[Records from a data collection]
[Start of Attachment]

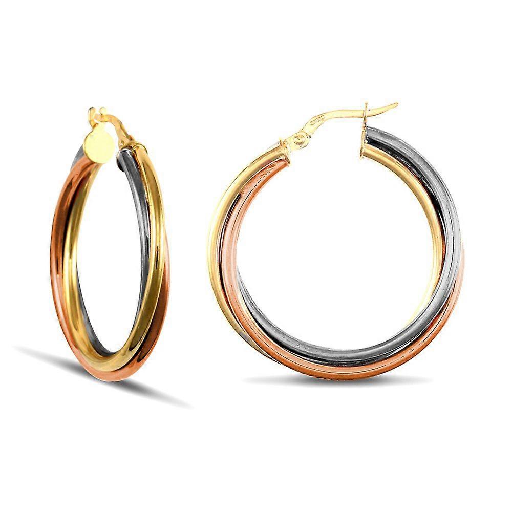 Jewelco London Ladies 9ct Yellow White and Rose Gold Russian Wedding Ring 3mm Hoop Earrings 29mm
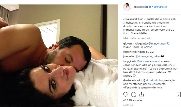 Vicepremierul italian Matteo Salvini s-a despărțit de iubita sa, prezentatoarea TV Elisa Isoardi. Anunțul a fost făcut chiar de femeie, pe Instagram, notează telegraph.co.uk.
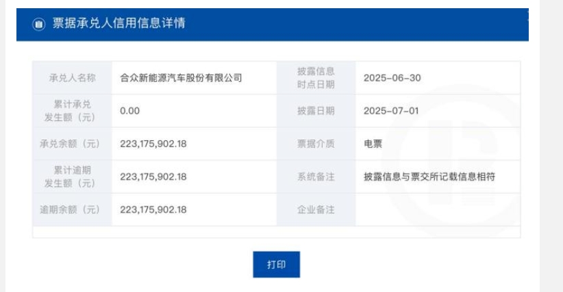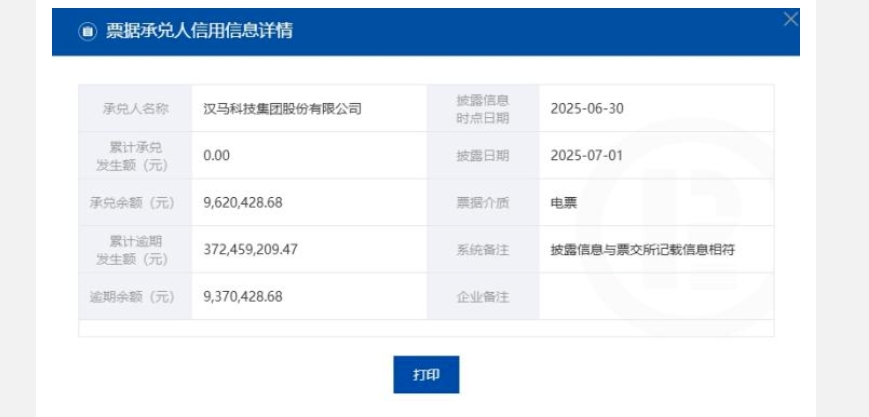 截至 6月30日,吉利集團旗下子公司漢馬科技逾期余額為937.04萬元, 累計逾期發(fā)生額達 3.72億元。票交所已暫停其商業(yè)匯票承兌服務權限,企業(yè)須清償全部逾期票據(jù)并完成信用修復流程后方可申請恢復。
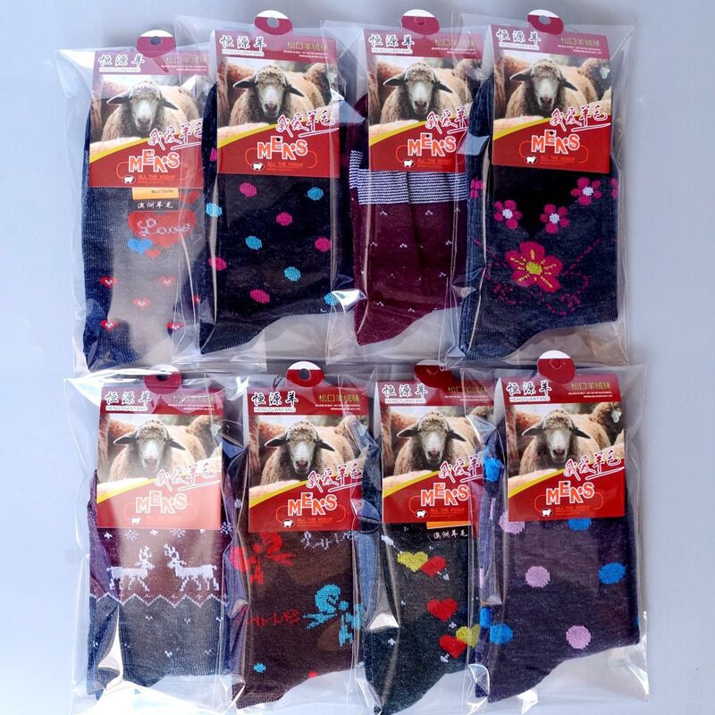 源头厂家批发男士秋冬款商务袜中筒保暖袜子运动袜拼色羊毛棉袜子
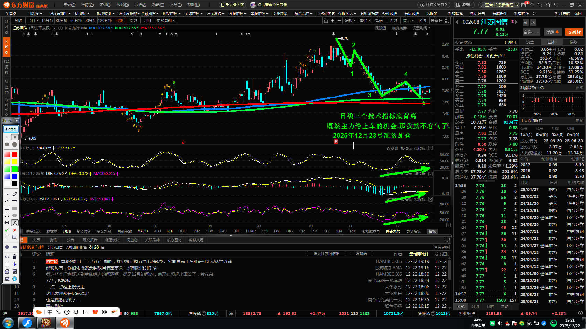 本人决定在2025年12月23号继续加仓.加仓价格在7.75-7.80之间

[End of Attachment]

[Problem details] Apart from the pictures, repeat every entry exactly.

[Task result]
 Jewelco London Ladies 9ct Yellow White and Rose Gold Russian Wedding Ring 3mm Hoop Earrings 29mm
 Vicepremierul italian Matteo Salvini s-a despărțit de iubita sa, prezentatoarea TV Elisa Isoardi. Anunțul a fost făcut chiar de femeie, pe Instagram, notează telegraph.co.uk.
 截至 6月30日,吉利集團旗下子公司漢馬科技逾期余額為937.04萬元, 累計逾期發(fā)生額達 3.72億元。票交所已暫停其商業(yè)匯票承兌服務權限,企業(yè)須清償全部逾期票據(jù)并完成信用修復流程后方可申請恢復。
 源头厂家批发男士秋冬款商务袜中筒保暖袜子运动袜拼色羊毛棉袜子
 本人决定在2025年12月23号继续加仓.加仓价格在7.75-7.80之间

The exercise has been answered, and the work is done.